Lists Home |
Date Index |
Yes, well you can see that I'm yet another victim of
On Tue, 19 Apr 2005 7:47 pm, David Carlisle wrote:
> One point I would like to make is from the python link
> (http://www.oreillynet.com/pub/wlg/6291) where mention
> is made to the assumption of parsing 8-bit text documents
> when Unicode docs may be the norm in the future.

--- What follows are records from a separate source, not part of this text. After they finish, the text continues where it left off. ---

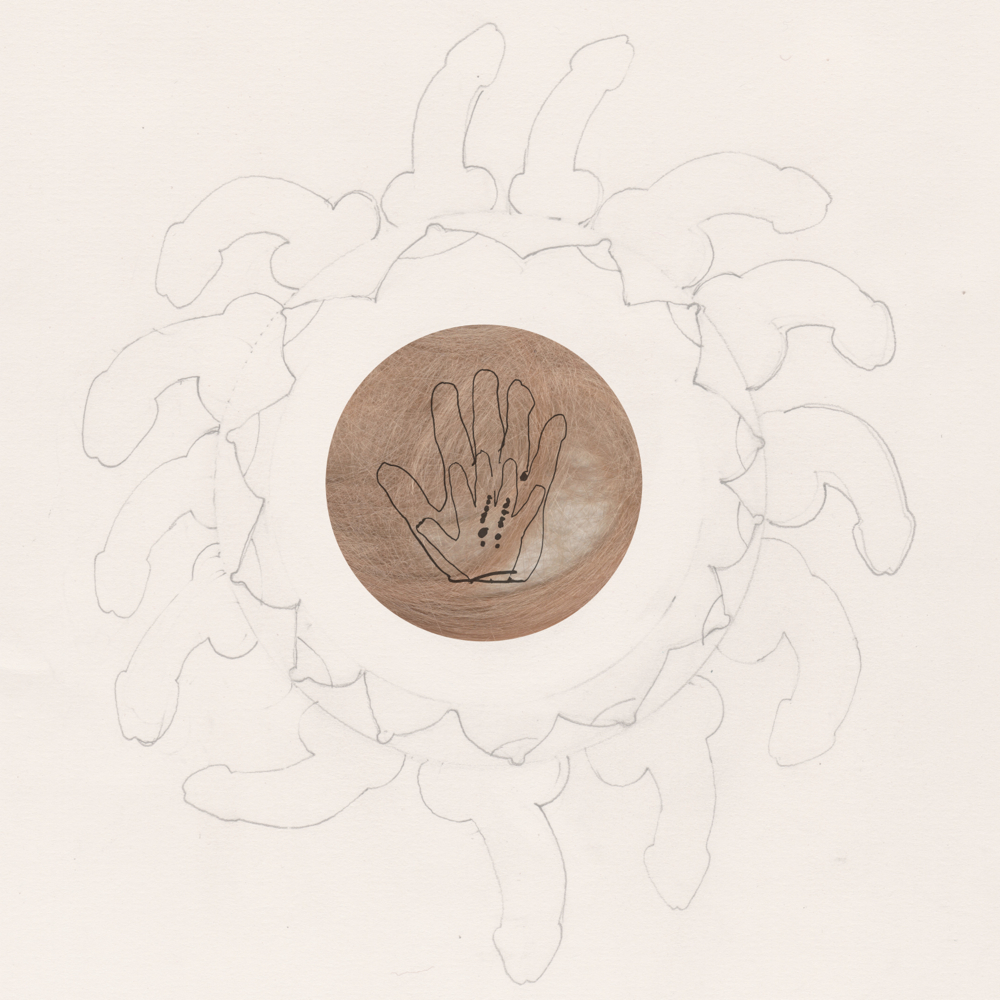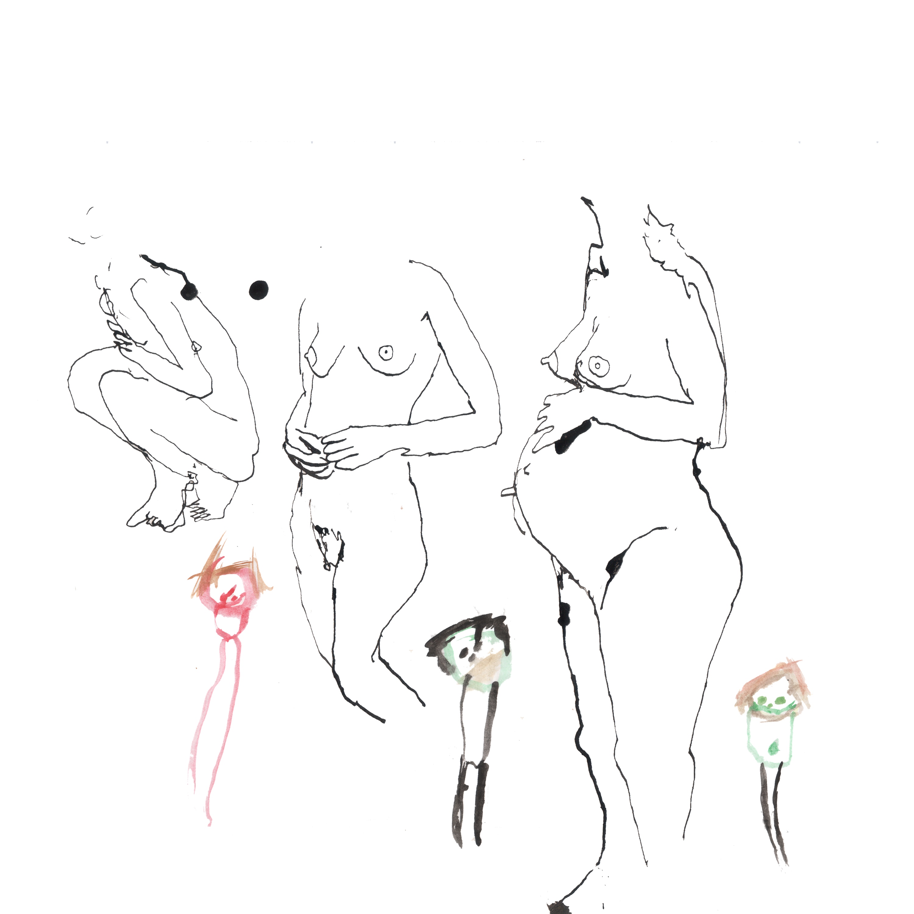Playing with embedding my children’s drawings into my own, thinking about the body of the mother and the child, gender, sexuality, nurture and protection. Toying with subverting idealised images of motherhood. Thinking about the vulnerability of the mother and the child and transmutation of these feelings through the delicacy of line.
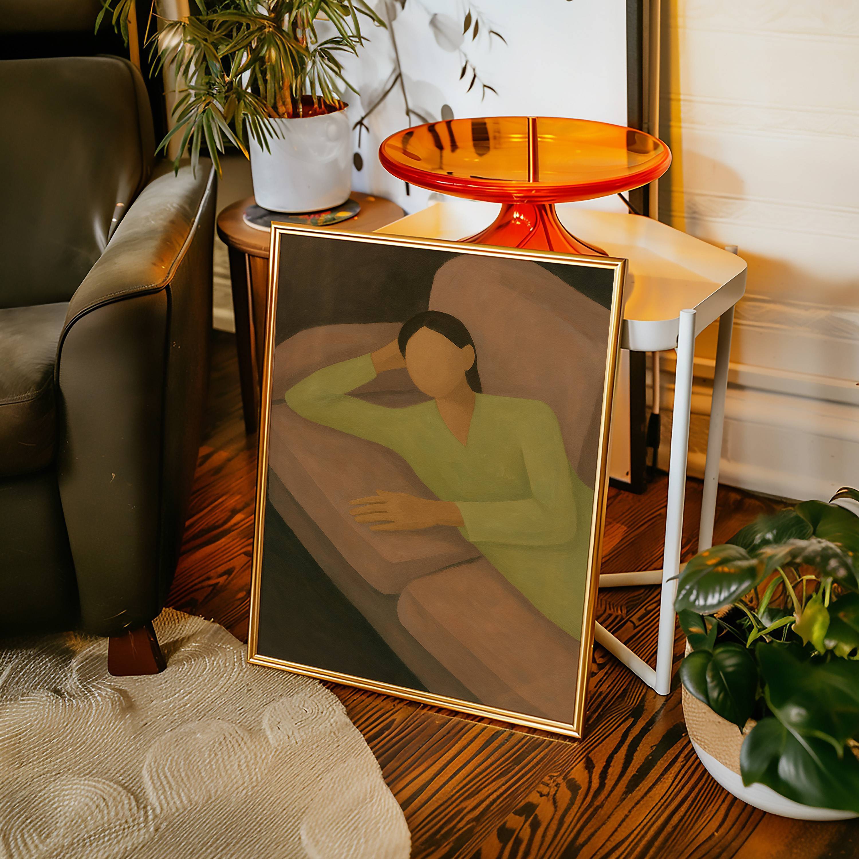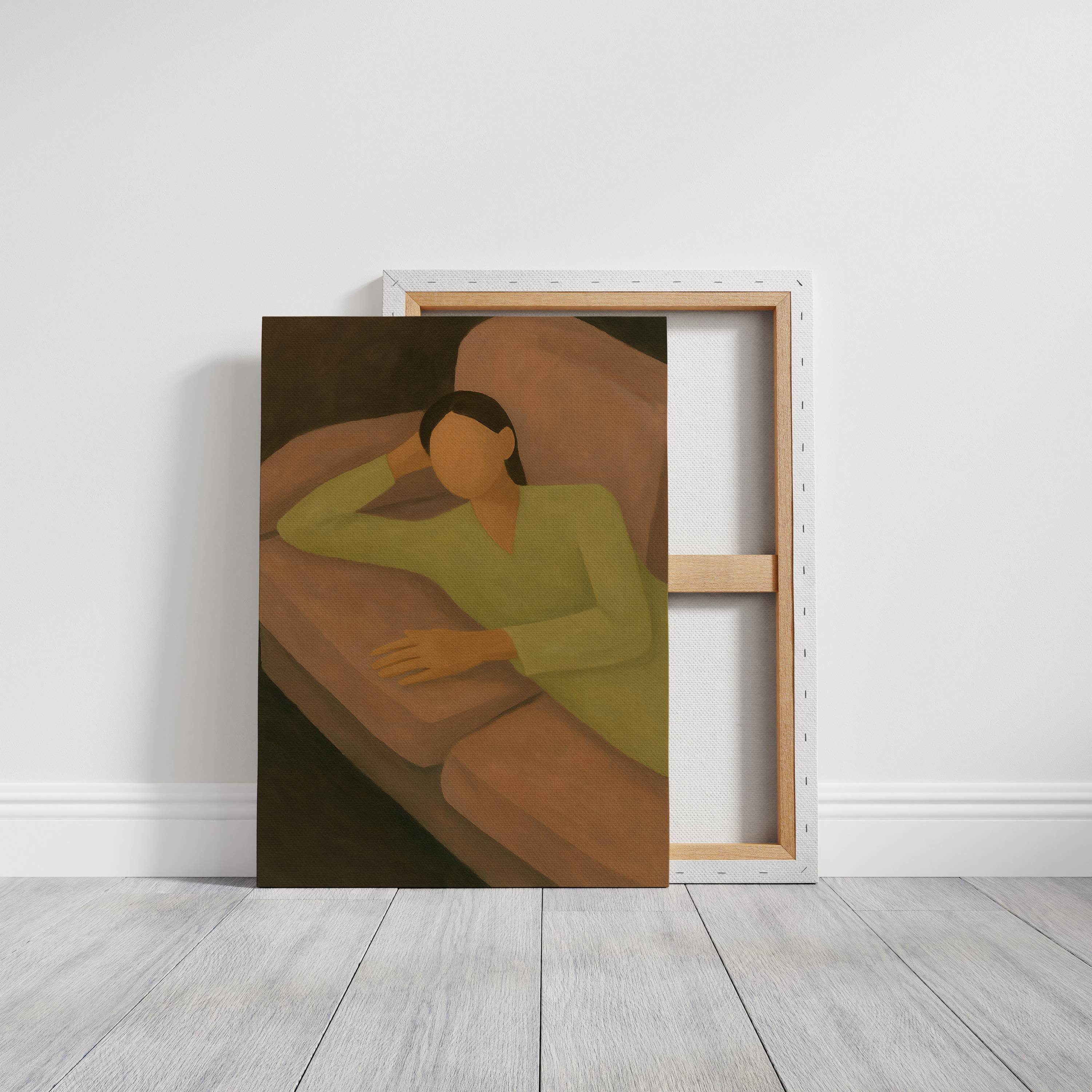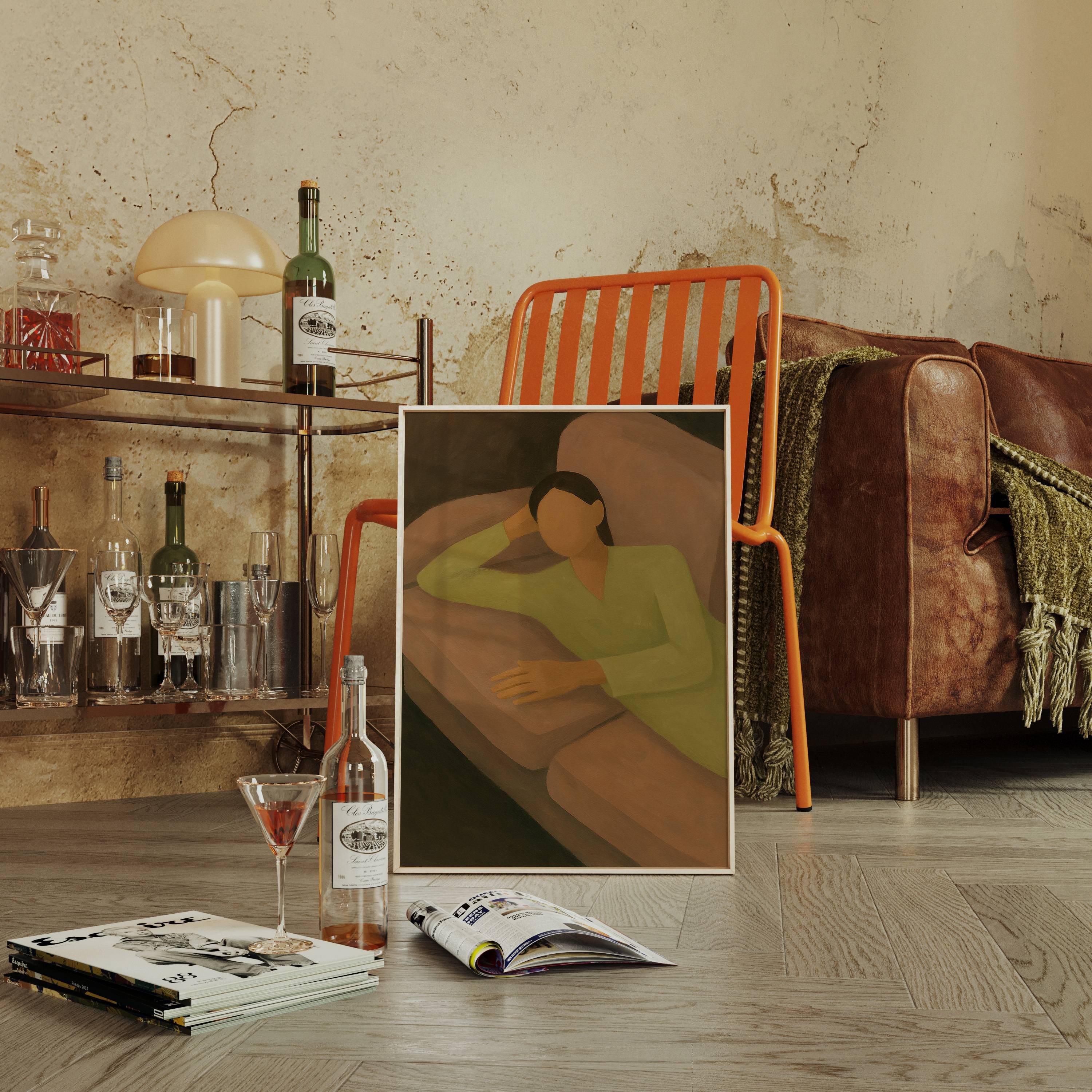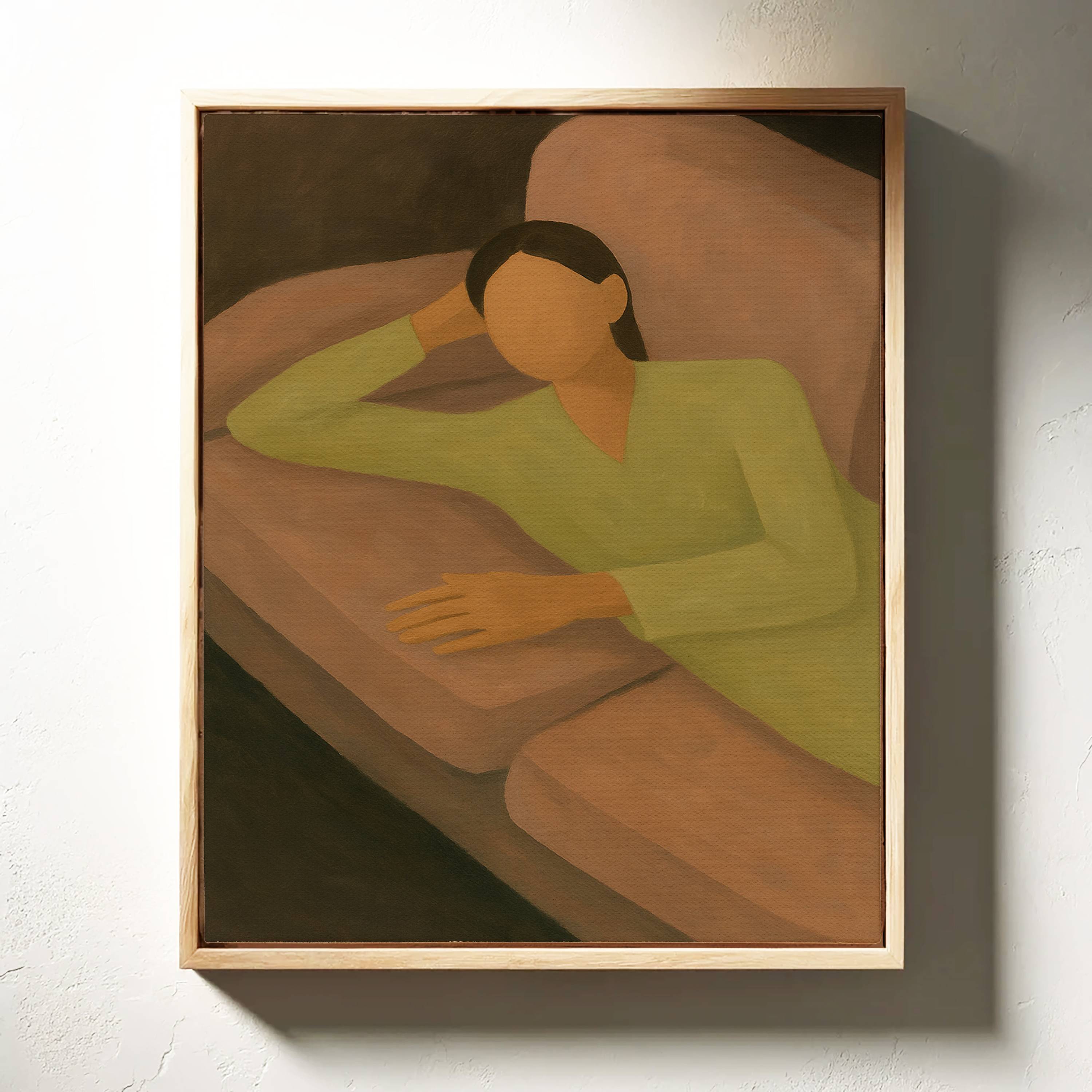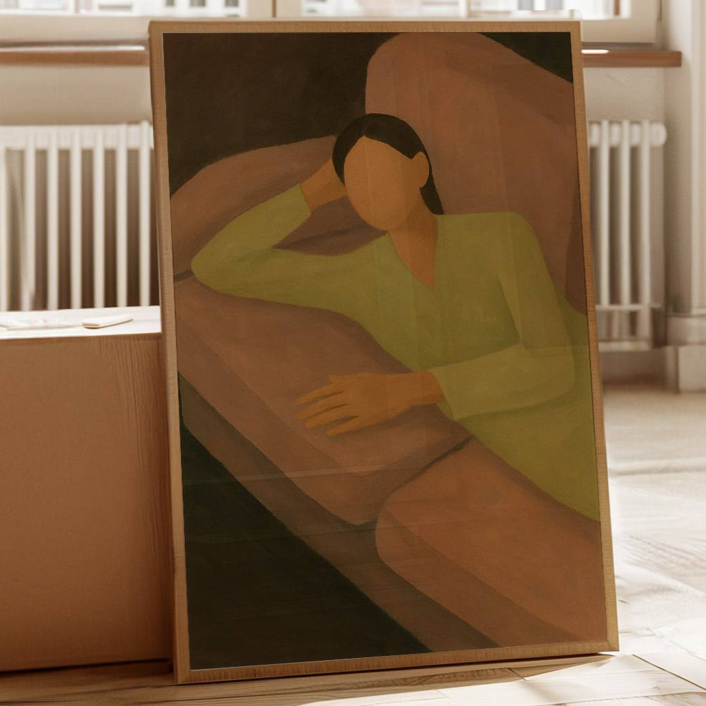 Soft earth tones blend together in a contemplative scene, where chartreuse meets terracotta in gentle harmony. The minimalist composition creates a sense of peaceful solitude, with simplified forms and subtle shadows adding depth to the contemporary narrative. The warm palette evokes the feeling of late afternoon sun filtering through windows, creating an intimate atmosphere of reflection and repose. This piece would bring a sophisticated, calming presence to a modern reading nook or meditation space.
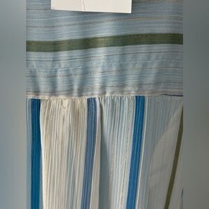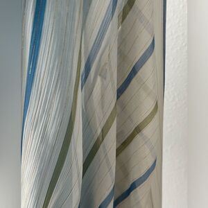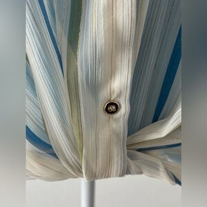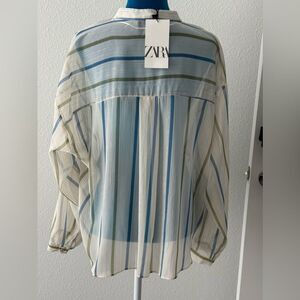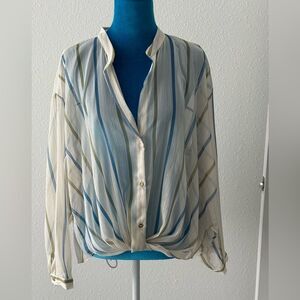 Elevate your wardrobe with this elegant sheer blouse. Featuring a stylish blue and cream stripe pattern, it's perfect for any occasion. Pair it with your favorite jeans or skirt for a chic look.
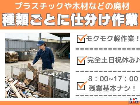 完全土日祝休み/1日7.5時間勤務/未経験応援!/プラスチックなどの廃材を選別して箱に仕分けるだけ!
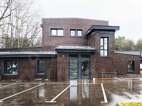 Отделка фасадов выполнена панелями с имитацией клинкерного кирпича. Дополнительно на территории организованы зоны отдыха, имеется возможность для организации летних веранд и кафе.
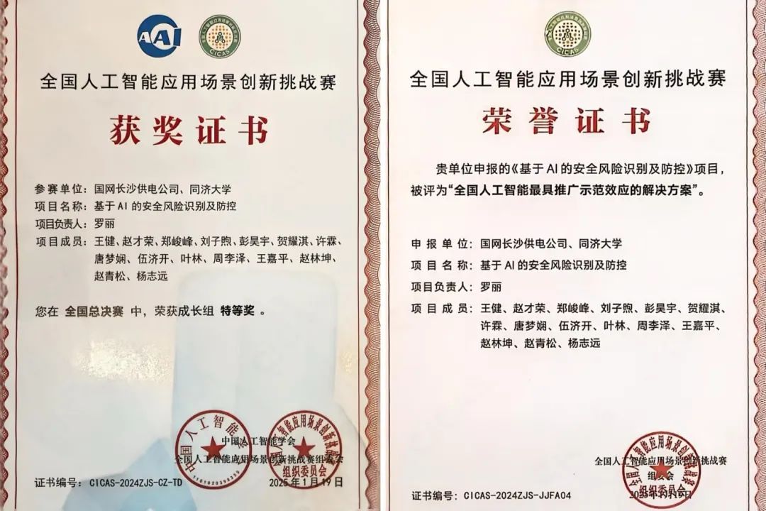 在近日举行的“场景驱动、数智强国”2024第二届全国人工智能应用场景创新挑战赛总决赛暨全国人工智能应用场景创新峰会上,国网长沙供电公司和同济大学计算机科学与技术学院赵才荣教授团队联合参赛项目“基于AI的安全风险识别及防控”荣获全国特等奖(全国特等奖共13项),成为能源领域唯一特等奖作品,并获评“全国人工智能最具推广示范效应的解决方案”。
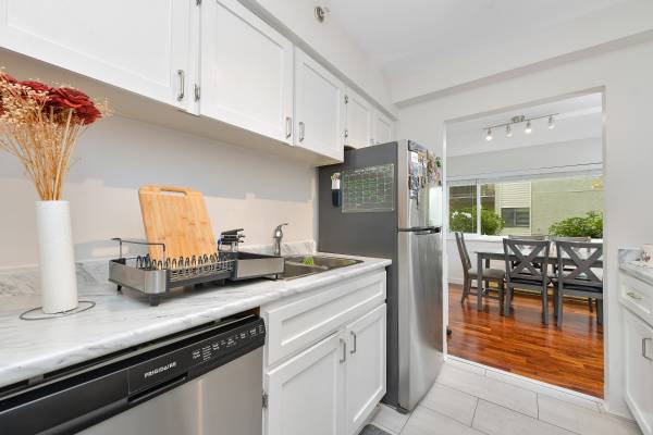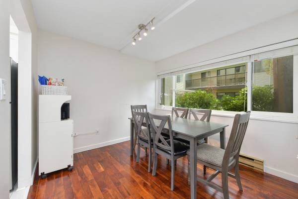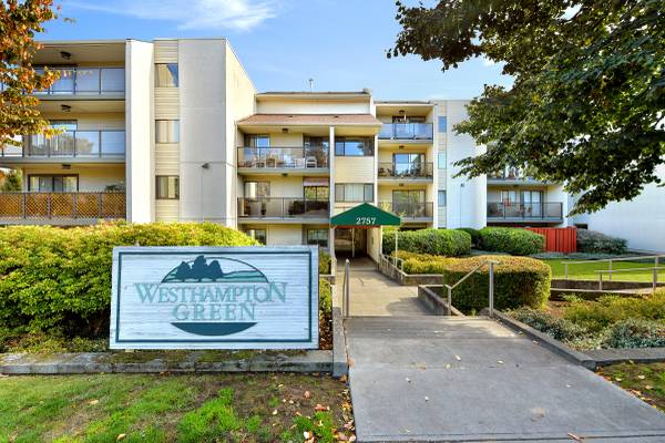 Bright 2 bedroom corner patio suite at "Westhampton Green" at the Quadra Village. Walk score of 95 with shops, cafe, restaurants and Fairways Market just outside plus easy access to downtown on foot, bike or transit. Nicely updated with wood and tile floors, thermo windows plus oversized fenced patio. Secured parking. Pet, bbq and rentals okay. Fantastic value for first home, downsize or investment property.
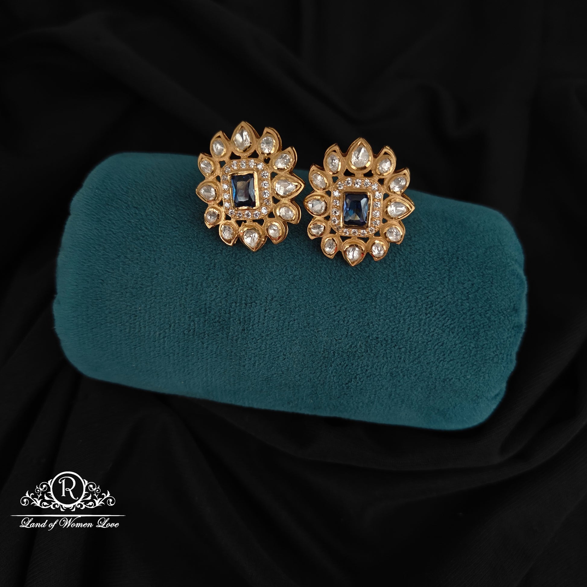 92.5 silver with gold polish mossinate earrings white with blue combinate beautiful desgin 1 inches length desgin by ramala collectins
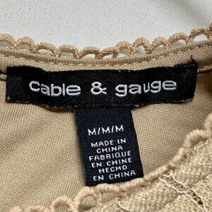 Cable & Gauge Lace Blouse Women's Medium Tan Sheer Ruffled Sleeves Front Boho

> Unicode encodings are already the default encodings in windows and more
> recent linux distributions, so that would be now, not "in the future".
> Unicode is (according to my understanding) an 8-bit escaping system. That
> is if the character is extended, it is written into a second, third and
> then consecutive bytes if required.
> No, That is (more or less) a description of UTF-8. Unicode itself has
> nothing to do with bytes or encodings, it is a mapping of a set
> of characters (with associated names and other properties) to numbers in
> the range hex 1 to 10FFFF.
> > So to do really *fast* unicode stuff, ideally, the in-memory view
> > wouldn't store the characters in 8-bit, but just as 32-bit (4 byte) or
> > 64-bit (8 byte) strings.
> That would be UCS4 encoding (otherwise known as utf-32)
> utf-16 is also common, probably more so than utf-8 (java uses utf-16 by
> default as does msxml).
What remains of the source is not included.